About the Author: Arthur Carey is a former newspaper reporter, editor, and journalism instructor who lives in the San Francisco Bay Area. He is a member of the California Writers Club. His fiction has appeared in print and Internet publications, including Pedestal, Funny Times, Defenestration, Perihelion, and Writers’ Journal. His short stories and novels, are available at Amazon.com.
Charlie Anson peered through scratched binoculars at the small bird flitting through the cattails. Song sparrow? He couldn’t see the telltale black spot on the breast. He shook his head. It was another LBJ—little brown job—to birdwatchers who can’t identify what they are seeing. The bird hopped away in the thick foliage lining the park’s nature trail before he could pull out his field guide and look at photographs.

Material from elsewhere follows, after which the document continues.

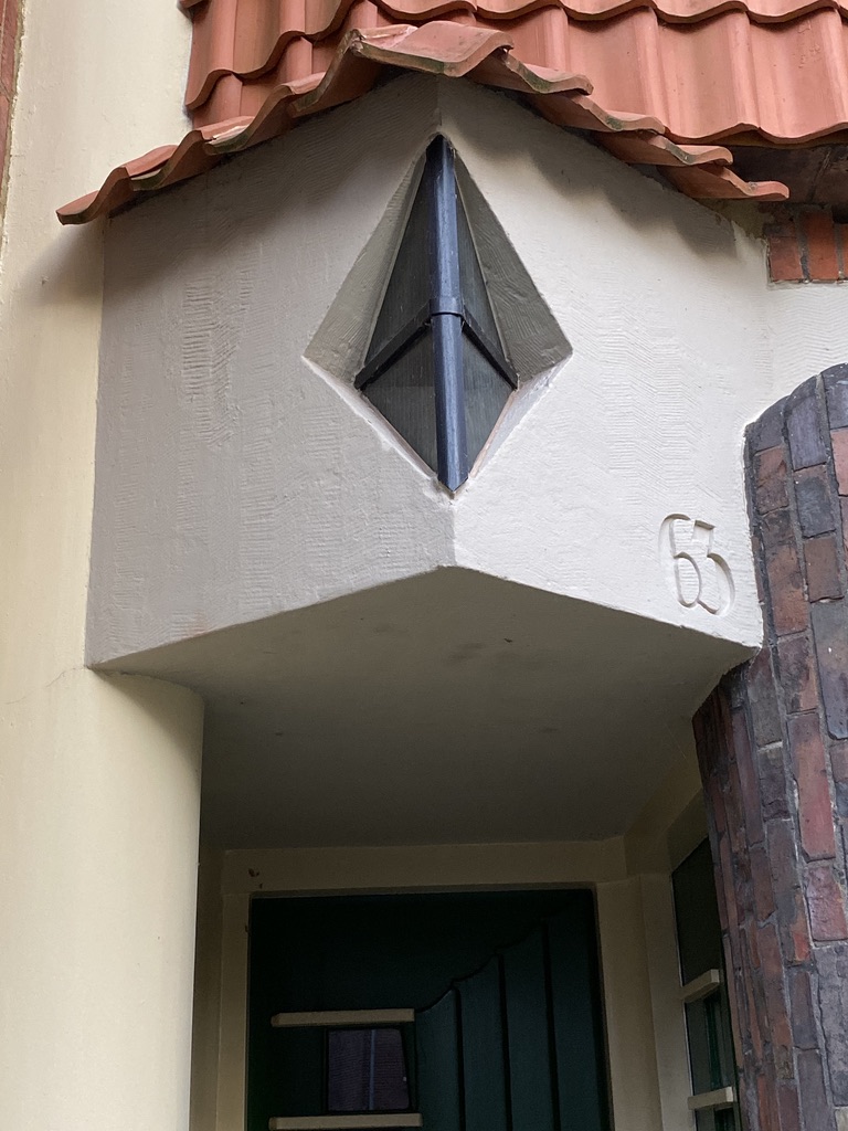 So, we got there and were walking around the perimeter and then I decided to try the main door (leading to public spaces) – It was open so we walked in.. We were checking out the lobby (cautiously, knowing that perhaps we weren’t supposed to be there) when a woman appeared. She asked how we got in and we explained that the door was open. She was a bit flustered but then we struck up a conversation. Turns out she founded the little museum and is very active in the social housing movement. Apparently one day she stopped at the post office and admired the building and was told it was to be demolished. She thought that was a terrible situation and fought to reclaim it as a museum to honor Dutch architecture, Het Schip, and social housing. She’s been managing it ever since. She gave a us a quick history of the place including the fact that there had been a small school at the site and deKlerk literally designed Het Schip to be built around that school – above it and adjacent to it and behind it. The school is no longer there and additional housing was created.

His 11-year-old Leica binoculars lacked the light-capturing capability of glasses with more modern optics. Buy new ones? Not with his 401K down and politicians in Washington feuding over whether or not to take away his health care. Anson sighed and gave up on the bird, just one more mystery in a lifetime of frustrating sightings.
Late summer heat lay on the park like a suffocating hand. The hills, green only months ago, had been seared brown and yellow. Ponds shrank. Only a few determined walkers kicked up dust on the trails. Picnickers sheltered in the shade of trees. He stopped briefly to view a gathering of the usual suspects, a few stilts, avocets, and yellow legs that shared a small spit of land with mallard ducks.